Children with ADHD/ADD often display the following problems:
• They frequently have difficulty with transition, especially going from activity to inactivity (i.e. recess then to the classroom) - they may need some extra warning time and assistance.
• They may display stronger than expected emotional reactions (emotional mountains out of molehills). When this happens, it may be best to send them to sit for awhile until they can get their emotions under control (to avoid any impulsive hitting or other actions while they are upset).

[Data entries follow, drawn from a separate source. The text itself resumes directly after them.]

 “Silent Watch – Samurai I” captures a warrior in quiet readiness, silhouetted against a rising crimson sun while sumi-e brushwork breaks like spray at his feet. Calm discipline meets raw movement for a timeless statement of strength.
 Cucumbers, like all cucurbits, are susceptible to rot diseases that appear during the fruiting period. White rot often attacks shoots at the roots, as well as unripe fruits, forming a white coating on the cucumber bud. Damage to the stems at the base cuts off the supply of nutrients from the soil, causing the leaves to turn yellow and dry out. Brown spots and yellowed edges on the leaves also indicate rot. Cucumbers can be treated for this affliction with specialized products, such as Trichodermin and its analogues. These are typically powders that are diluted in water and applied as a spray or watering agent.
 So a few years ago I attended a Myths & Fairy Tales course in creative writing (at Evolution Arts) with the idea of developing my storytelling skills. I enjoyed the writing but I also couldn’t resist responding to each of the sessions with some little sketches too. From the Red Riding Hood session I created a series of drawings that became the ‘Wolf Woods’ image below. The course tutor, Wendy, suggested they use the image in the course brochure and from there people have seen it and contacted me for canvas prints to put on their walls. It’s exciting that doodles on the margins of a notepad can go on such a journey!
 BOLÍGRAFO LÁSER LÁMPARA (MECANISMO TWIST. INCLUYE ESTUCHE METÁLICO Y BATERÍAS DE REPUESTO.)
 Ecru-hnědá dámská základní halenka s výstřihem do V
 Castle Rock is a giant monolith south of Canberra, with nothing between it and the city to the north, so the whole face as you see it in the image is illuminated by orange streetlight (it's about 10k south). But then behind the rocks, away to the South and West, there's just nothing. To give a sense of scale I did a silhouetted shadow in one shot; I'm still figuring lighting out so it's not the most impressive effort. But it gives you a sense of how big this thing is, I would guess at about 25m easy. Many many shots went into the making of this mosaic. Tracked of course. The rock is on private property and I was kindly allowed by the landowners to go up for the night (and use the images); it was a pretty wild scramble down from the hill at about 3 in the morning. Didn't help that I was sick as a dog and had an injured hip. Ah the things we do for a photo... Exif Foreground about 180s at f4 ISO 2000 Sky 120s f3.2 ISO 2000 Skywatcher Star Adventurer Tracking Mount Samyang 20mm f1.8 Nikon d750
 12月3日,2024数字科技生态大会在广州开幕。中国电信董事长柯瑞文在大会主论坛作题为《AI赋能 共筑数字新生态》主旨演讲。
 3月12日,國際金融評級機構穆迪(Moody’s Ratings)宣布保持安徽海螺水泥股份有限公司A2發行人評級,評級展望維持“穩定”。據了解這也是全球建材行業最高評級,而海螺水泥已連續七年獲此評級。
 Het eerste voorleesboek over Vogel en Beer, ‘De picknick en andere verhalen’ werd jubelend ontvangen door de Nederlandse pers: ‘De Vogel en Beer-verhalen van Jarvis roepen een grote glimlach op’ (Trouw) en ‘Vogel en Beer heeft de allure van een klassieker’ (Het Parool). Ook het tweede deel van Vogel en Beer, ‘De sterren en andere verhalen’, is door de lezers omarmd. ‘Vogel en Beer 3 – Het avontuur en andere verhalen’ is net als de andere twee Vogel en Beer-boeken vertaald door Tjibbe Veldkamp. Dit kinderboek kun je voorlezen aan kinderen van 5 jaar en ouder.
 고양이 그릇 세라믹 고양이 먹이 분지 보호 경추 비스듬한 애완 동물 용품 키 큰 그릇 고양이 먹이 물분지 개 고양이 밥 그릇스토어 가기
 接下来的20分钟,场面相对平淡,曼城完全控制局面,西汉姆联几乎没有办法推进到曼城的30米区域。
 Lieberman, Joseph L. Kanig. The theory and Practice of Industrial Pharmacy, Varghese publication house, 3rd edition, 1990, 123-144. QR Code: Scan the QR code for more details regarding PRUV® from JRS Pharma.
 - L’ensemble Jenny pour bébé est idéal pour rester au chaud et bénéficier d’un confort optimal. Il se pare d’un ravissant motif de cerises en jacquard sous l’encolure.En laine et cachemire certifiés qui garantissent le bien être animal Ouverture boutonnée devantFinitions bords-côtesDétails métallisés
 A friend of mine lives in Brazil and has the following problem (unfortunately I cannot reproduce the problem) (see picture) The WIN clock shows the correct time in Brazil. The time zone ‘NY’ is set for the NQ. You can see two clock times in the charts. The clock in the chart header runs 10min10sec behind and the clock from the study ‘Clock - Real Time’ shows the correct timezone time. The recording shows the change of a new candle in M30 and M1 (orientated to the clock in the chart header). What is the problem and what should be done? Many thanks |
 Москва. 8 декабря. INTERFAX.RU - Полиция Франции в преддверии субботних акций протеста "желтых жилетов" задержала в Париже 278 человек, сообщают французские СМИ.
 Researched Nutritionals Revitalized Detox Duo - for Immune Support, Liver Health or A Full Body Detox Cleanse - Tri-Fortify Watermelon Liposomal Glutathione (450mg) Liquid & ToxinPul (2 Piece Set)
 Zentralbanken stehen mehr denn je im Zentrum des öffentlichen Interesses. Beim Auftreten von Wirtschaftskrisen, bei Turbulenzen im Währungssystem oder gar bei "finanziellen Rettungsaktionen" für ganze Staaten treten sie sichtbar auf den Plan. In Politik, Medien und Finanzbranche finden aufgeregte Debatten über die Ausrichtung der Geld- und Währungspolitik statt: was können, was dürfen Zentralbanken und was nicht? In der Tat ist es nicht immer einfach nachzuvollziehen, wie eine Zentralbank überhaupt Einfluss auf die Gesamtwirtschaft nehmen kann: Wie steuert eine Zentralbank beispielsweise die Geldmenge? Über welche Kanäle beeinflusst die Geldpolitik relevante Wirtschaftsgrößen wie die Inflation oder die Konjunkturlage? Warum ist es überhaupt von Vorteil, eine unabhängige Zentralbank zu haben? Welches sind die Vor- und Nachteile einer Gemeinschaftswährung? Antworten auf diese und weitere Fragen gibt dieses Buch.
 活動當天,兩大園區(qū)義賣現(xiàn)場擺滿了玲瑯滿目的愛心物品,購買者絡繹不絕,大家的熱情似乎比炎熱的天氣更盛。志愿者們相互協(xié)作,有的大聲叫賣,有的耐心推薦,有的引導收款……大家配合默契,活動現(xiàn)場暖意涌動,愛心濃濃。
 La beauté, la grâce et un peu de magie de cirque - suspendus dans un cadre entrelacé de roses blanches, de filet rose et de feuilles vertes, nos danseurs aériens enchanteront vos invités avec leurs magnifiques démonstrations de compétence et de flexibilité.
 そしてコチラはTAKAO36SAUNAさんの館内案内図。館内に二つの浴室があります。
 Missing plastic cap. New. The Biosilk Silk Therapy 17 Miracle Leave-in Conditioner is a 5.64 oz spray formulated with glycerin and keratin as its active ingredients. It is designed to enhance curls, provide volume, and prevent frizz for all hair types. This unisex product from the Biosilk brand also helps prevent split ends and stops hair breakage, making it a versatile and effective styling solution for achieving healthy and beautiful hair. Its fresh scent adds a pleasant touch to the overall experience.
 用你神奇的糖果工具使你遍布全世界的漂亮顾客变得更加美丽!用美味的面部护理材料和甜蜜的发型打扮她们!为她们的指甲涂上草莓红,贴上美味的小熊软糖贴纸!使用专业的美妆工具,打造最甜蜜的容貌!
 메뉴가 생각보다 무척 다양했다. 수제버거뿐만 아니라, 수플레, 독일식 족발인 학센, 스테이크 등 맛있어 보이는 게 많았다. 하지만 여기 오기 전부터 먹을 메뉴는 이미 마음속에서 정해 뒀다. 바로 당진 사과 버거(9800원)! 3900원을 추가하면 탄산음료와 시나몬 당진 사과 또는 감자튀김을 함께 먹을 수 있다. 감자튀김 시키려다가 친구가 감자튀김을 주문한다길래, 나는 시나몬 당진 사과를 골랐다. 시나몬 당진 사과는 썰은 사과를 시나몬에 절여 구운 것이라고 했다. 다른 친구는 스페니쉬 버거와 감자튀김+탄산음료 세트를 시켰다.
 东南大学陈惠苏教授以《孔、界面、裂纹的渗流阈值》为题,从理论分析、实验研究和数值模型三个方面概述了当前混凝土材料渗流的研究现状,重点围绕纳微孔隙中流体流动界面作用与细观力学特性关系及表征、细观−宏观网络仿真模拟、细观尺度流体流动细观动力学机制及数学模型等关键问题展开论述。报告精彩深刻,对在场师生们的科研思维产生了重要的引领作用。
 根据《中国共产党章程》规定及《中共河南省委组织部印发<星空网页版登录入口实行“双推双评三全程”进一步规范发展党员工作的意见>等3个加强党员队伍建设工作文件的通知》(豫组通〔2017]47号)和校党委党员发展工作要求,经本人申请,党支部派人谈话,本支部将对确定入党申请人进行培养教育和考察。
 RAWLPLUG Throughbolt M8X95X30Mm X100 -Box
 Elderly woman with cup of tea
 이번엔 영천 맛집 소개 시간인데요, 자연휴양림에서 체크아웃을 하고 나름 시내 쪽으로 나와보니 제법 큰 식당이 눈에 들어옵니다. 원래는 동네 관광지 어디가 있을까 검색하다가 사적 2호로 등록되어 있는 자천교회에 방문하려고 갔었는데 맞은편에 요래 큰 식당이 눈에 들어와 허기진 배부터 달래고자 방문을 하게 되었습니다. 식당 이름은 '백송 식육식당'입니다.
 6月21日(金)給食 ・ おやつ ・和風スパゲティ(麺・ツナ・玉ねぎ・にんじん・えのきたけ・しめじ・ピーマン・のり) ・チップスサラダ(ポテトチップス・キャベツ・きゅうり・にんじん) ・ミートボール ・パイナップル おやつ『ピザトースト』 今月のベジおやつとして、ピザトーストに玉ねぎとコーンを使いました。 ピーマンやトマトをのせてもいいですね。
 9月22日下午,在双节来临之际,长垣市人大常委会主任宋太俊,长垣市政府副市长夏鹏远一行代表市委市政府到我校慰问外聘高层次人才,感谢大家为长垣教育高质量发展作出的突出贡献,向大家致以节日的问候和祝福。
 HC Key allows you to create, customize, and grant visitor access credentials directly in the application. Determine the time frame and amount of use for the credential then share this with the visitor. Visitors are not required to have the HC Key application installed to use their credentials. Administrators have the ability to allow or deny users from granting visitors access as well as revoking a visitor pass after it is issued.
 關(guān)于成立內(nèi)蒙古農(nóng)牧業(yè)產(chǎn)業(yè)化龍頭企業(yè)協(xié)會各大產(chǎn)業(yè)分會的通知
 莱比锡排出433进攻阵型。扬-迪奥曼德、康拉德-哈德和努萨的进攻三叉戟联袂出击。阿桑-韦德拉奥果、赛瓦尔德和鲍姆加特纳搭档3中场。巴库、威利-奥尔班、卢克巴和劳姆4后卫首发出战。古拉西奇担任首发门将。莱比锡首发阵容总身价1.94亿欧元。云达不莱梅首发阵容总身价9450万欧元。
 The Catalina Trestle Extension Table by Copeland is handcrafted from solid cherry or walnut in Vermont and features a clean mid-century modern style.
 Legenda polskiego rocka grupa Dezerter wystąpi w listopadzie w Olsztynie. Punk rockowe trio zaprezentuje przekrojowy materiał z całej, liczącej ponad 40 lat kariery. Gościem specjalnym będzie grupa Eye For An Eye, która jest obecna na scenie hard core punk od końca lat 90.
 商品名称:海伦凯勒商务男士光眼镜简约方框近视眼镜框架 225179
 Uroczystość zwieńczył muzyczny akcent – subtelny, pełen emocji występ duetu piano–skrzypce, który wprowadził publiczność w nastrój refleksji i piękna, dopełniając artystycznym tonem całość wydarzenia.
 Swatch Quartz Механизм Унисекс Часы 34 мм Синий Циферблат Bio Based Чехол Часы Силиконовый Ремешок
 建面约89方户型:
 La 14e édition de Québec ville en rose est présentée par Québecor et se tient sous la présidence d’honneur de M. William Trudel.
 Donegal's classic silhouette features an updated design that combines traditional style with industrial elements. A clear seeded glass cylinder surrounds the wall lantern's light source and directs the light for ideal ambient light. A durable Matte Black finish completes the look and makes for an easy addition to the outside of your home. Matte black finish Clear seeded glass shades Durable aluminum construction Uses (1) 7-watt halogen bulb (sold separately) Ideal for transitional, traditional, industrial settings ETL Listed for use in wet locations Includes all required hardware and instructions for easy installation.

• They may have great difficulty maintaining position in games and in managing their energy output (throttle tends to be stuck on "full speed ahead"). They are not doing this out of spite, they just forget in the heat of the moment. They often do better in midfield spots where they can go to the ball, but may need to be subbed frequently to avoid getting completely pooped out.
• They may tend to play "too rough" out of enthusiasm. If they are big for their ages, you need to be especially careful in pairing them with others of their same size - and nipping overly-aggressive behavior in the bud. If you have an ADHD/ADD child on your team, and you want to learn more, start at the website for Children and Adults with Attention Deficit Disorders (CHADD) (http://www.chadd.org/).
And, if the child is exceptionally afflicted (like most disorders, the symptoms can vary in severity), you may need to get extra help. Don't be shy about asking the parents to come to help, or asking your assistant to pull the child out for special training if he is unduly disruptive. On occasion, a child who is severely afflicted may need to special or unusual accommodations. For instance, if the child tends to be too rough on the field, or to constantly steal the ball from teammates in his desire to shine, the coach may need to consider putting the child in goal - for his own safety and that of the other players. The extra physical restrictions often will help such a child to focus, and to perform very well. In many respects, although these children may have superior intelligence, their distractibility may require similar treatment to children of sub-par intelligence or athletic ability. All of these children require additional structure; special instructions; additional supervision; and substantial patience. However, in his own way, each of these children can succeed at soccer - and the ADHD children may be able to become World Class players with proper training. Indeed, several players on the U.S. National Team have this disorder. Thus, the coach may find that the player whom he wanted to strangle at u10 is a player whose autograph is being sought by many at u23. It helps to keep reminding yourself that this is not their fault; that yelling at them is just as unfair as it would be to yell at a child with asthma for not running when he cannot breathe; that they almost always are trying; and that, ultimately, they really will learn to cope with their disability if the adults in their lives do not yell so much that they get to the point where they see no reason to try because everybody hates them.